At Sumo Logic, we offered employees hybrid work options while we tried to determine what that would look like. In a hybrid environment, how much space is needed to best service and support employees? How can you do this predictably and cost-effectively?
Like most organizations, we started with surveys asking our teams how often they planned to come into the office. As we later saw, these answers did not accurately reflect the reality of how often they came in person.

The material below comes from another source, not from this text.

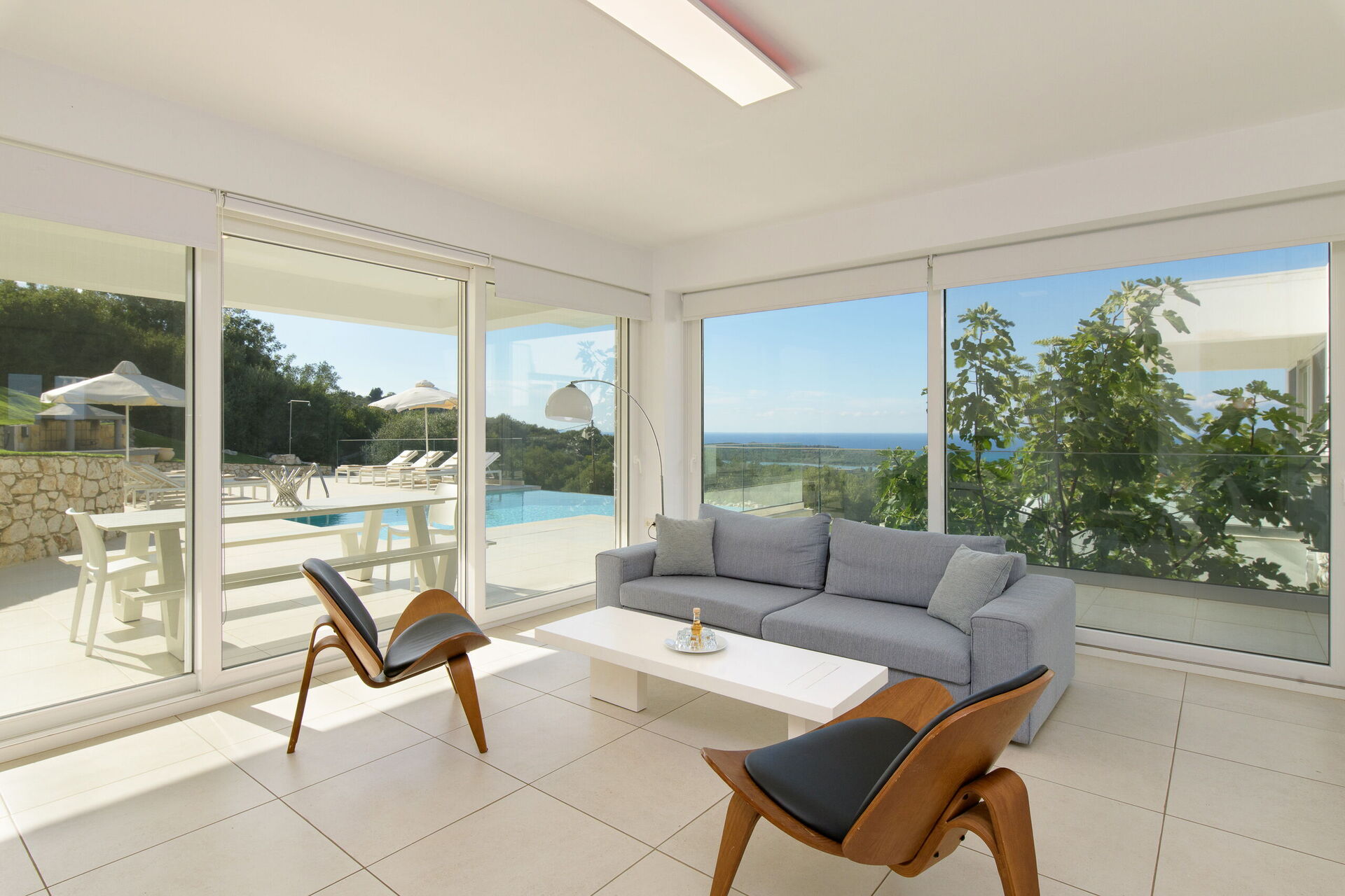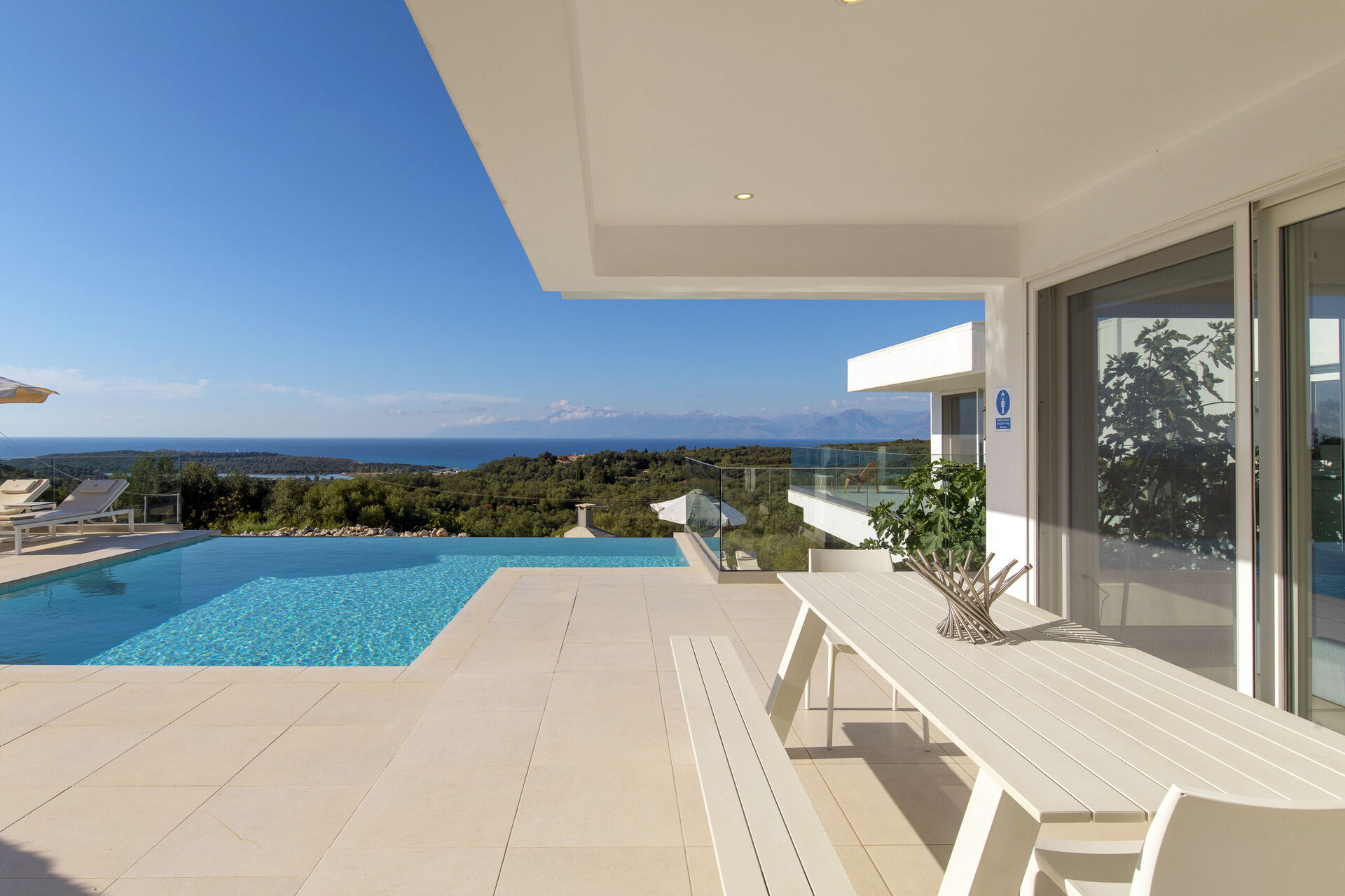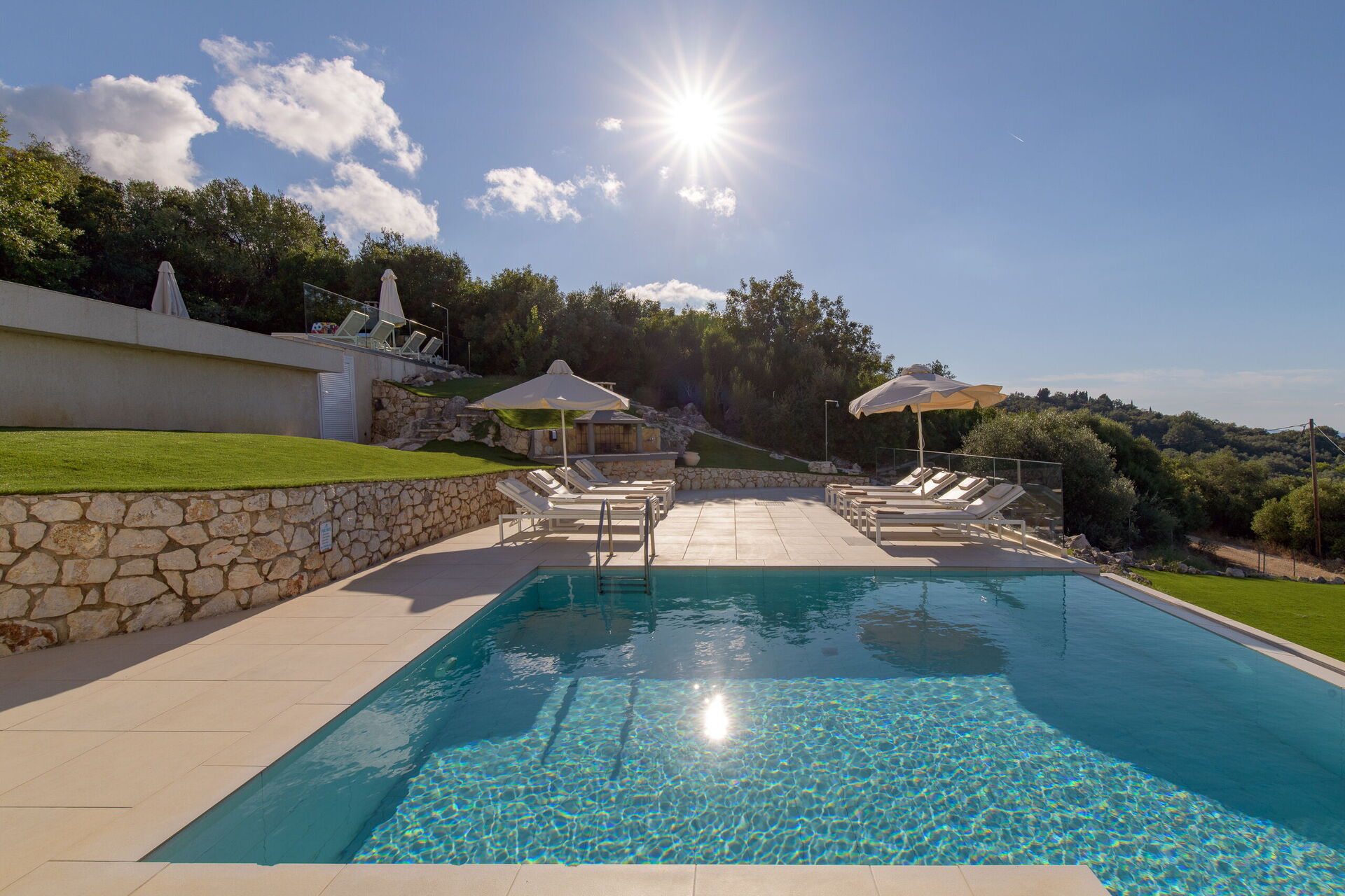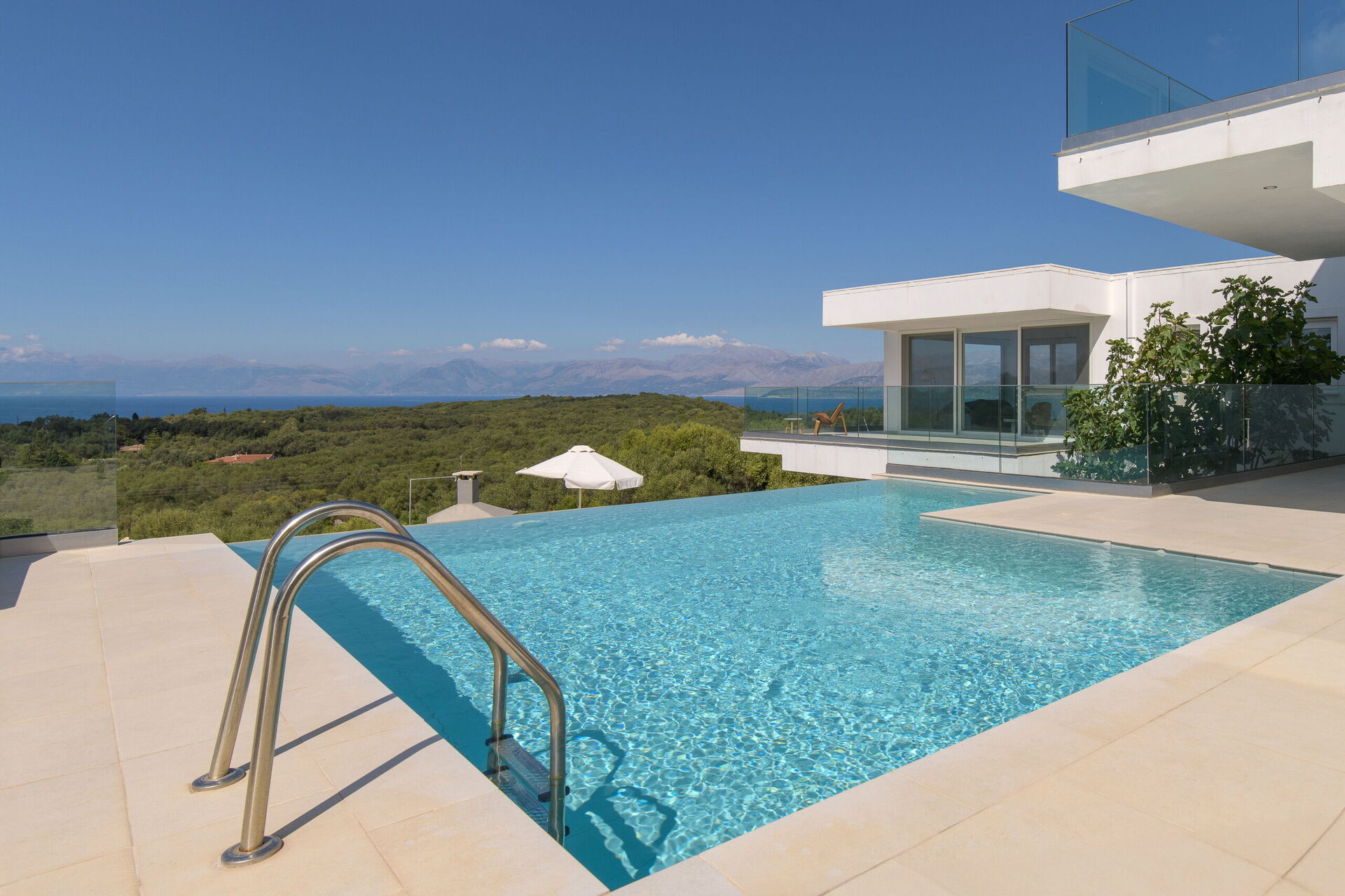 Villa med privat svømmebasseng og store terrasser langs den kjente nordøstkysten av Korfu i Hellas.

Of course, we did the only thing that made sense as Sumo Logic. We decided to drink our own champagne, and use our platform to look at the data. Here’s how we approached the data project, including some code/queries you’re welcome to copy-paste and try in your environment. Our results were surprising to us, and we’d love to hear if you find the same when you look at your data.
Before we can find the answers, we need to make sure that we’re asking the right questions. It’s not enough to simply find out how many people seats are used in an office on a given day. We wanted to track trends over time and see if there were patterns around which days were the most popular or if certain teams preferred working in the office compared to others. Also, so many people relocated during the pandemic (and we were fortunate enough to hire distributed teams), we needed to see how that impacted the geographical distribution of our employees.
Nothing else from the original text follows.